The institution was founded by Anna Leonowens in 1887 as the Victoria School of Art and Design. The school was later renamed the Nova Scotia College of Art in 1925. In 1969, the institution was renamed the Nova Scotia College of Art and Design and began to offer undergraduate degrees, becoming the first degree-granting art school in the country. The institution adopted its current name in 2003.

History

19th century
The university opened in the Union Building in 1887. It was founded by Anna Leonowens (of Anna and the King of Siam fame).  It was originally called the Victoria School of Art and Design to commemorate Queen Victoria's Golden Jubilee. It moved to the Halifax Academy in 1890. From 1898 to 1910, Henry Mortikar Rosenberg was the principal.

20th century
In 1903 the school moved to the old National School. In 1925, it was renamed the Nova Scotia College of Art under the leadership of its president Dr. Frederick Sexton.

One of the notable artists to be associated with the school in its early years was Arthur Lismer, who was a member of the Group of Seven and spent several years as the school president. Elizabeth Styring Nutt succeeded Lismar as president in 1919, serving until 1943.

New Brunswick-born artist Donald Cameron MacKay, who prior to World War II had been vice-principal, after war service assumed the role of principal and continued until retiring in 1971. Under his supervision, in 1957 the school moved into the former St. Andrew's United Church on Coburg Road. A modern, five-storey addition was constructed in 1968. It was eventually razed to provide space for Dalhousie University's Mona Campbell Building.
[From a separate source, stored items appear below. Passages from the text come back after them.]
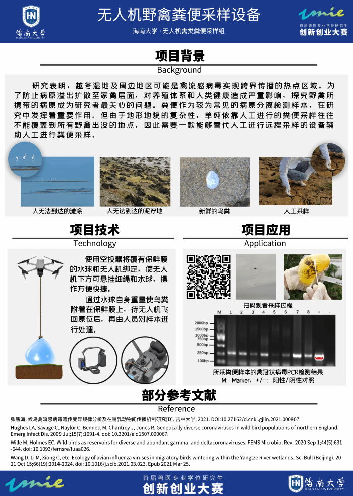 研究表明,越冬湿地及周边地区可能是禽流感病毒实现跨界传播的热点区域。为了防止病原溢出扩散至家禽层面,对养殖体系和人类健康造成严重影响,探究野禽所携带的病原成为研究者最关心的问题。禽类粪便作为较为常见的病原分离检测样本,在研究中发挥着重要作用。但由于地形地貌的复杂性,单纯依靠人工进行的禽类粪便采样往往不能覆盖到所有野禽出没的地点,本次参赛的这款无人机采样设备使用空投器将覆盖有保鲜膜的水球和无人机绑定,使无人机下方可悬挂细绳和水球。通过水球自身重量使鸟粪附着在保鲜膜上,待无人机飞回原位后,再由工作人员对样本进行处理。该作品是无人机在兽医科研领域的大胆尝试,体现了公司兽医专硕研究生在科研工作中积极创新、勇于实践的精神。本次大赛获奖也是对公司兽医专业学位公司产品质量一次很好的检验和肯定。
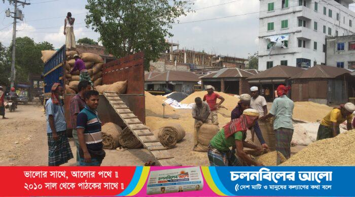 সিরাজগঞ্জের উল্লাপাড়া উপজেলায় হাটে নতুন বোরো ( ইরি ) ধান কৃষকেরা বিক্রি করছে। এক মণ ধান এক হাজার থেকে সাড়ে ১২ শ টাকা দরে কেনাবেচা হচ্ছে। কৃষকেরা এখন ধান কাটার
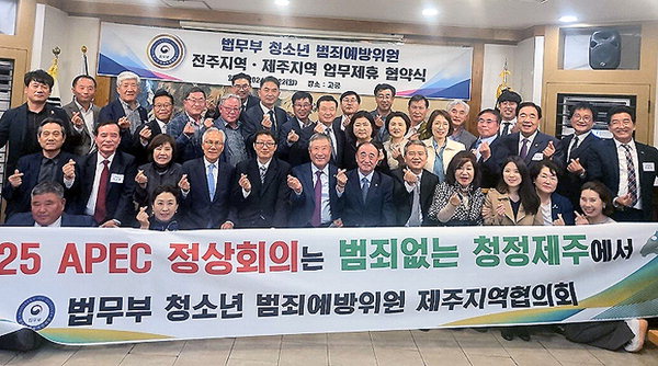 법무부 청소년 범죄예방위원 제주지역협의회 (회장 고영두)는 지난 22일 전주시에 위치한 고궁에서 전주지방검찰청 이창수 검사장을 비롯한 검찰관계자 등 70여명이 참가한 가운데 법무부 청소년범죄예방위원 전주지역협의회(회장 김홍식)와 업무협약식을 개최했다.
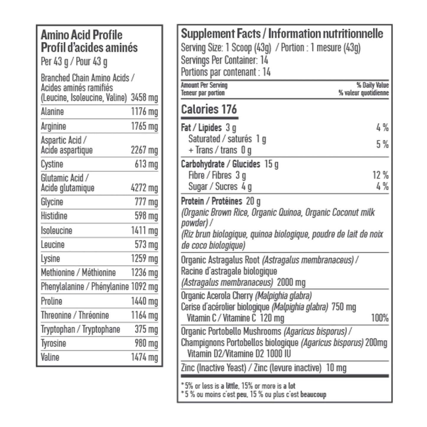 | Protein (Organic Brown Rice, Organic Quinoa, Organic Coconut Milk powder) | 20 g | |

The artist Garry Kennedy was appointed president in 1967 at the age of 31, becoming the youngest ever president of a Canadian university. He immediately moved to remake the college from a provincial art school into an international centre for artistic activity. He invited notable artists to come to NSCAD as visiting artists, particularly those involved in conceptual art. Artists who made significant contributions during this period include Vito Acconci, Sol LeWitt, Dan Graham, Eric Fischl, Lawrence Weiner, Joseph Beuys and Claes Oldenburg. The school was renamed the Nova Scotia College of Art and Design in 1969, the same year it began granting undergraduate degrees. Kennedy is credited with transforming the school into an internationally recognised centre for cutting-edge art, with Art in America suggesting in 1973 that NSCAD was "the best art school in North America".
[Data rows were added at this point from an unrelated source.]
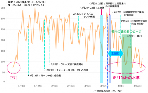 4月7日に、7都府県に向けて非常事態宣言が発出されました。発出後からは流動人口が顕著な減少傾向を見せ、特に週末においては”正月並み”の減少が認められました。また、都内の感染者のピークの約2週間前は三連休後の木、金に当たり、三連休だけではなく、平日の”気の緩み”も感染者数の増加に寄与していたのかも知れません。
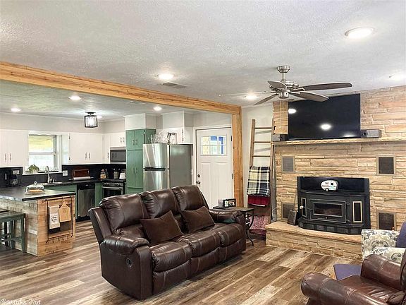 Welcome home! This picturesque all brick home beckons you to come & stay a while. From the front pea gravel garden seating area to the remodeled open concept design, all the way through to the enlarged covered back patio featuring a hot tub. Gorgeous PVC flooring leads you in to reveal the kitchen's refreshing green & white cabinets & new countertops. The bar has been updated with wood that compliments the flooring, new beam, & custom barn doors on the pantry. Bonus: 1/2 acre lot with new 20x40 shop!
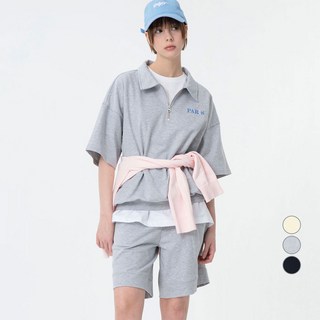 ELLE PARIS 하프집업 그래픽 반팔 맨투맨 + 쇼츠 세트

The school began to offer graduate programs in 1973. It moved to its current location on Granville Mall in 1978 and the former Coburg Road campus was acquired by Dalhousie University. Garry Kennedy retired from the school's presidency in 1990 to focus on teaching and making art.

21st century
In 2002 the school purchased the Granville Street block of heritage buildings it had leased since 1978, known today as the Fountain Campus. The institution was renamed NSCAD University in 2003. It opened a second campus, the Academy Building, in 2004. This campus houses the film studies faculty. In 2007 the third campus, the Port Campus, opened at the Halifax Seaport. All three campuses are located in downtown Halifax.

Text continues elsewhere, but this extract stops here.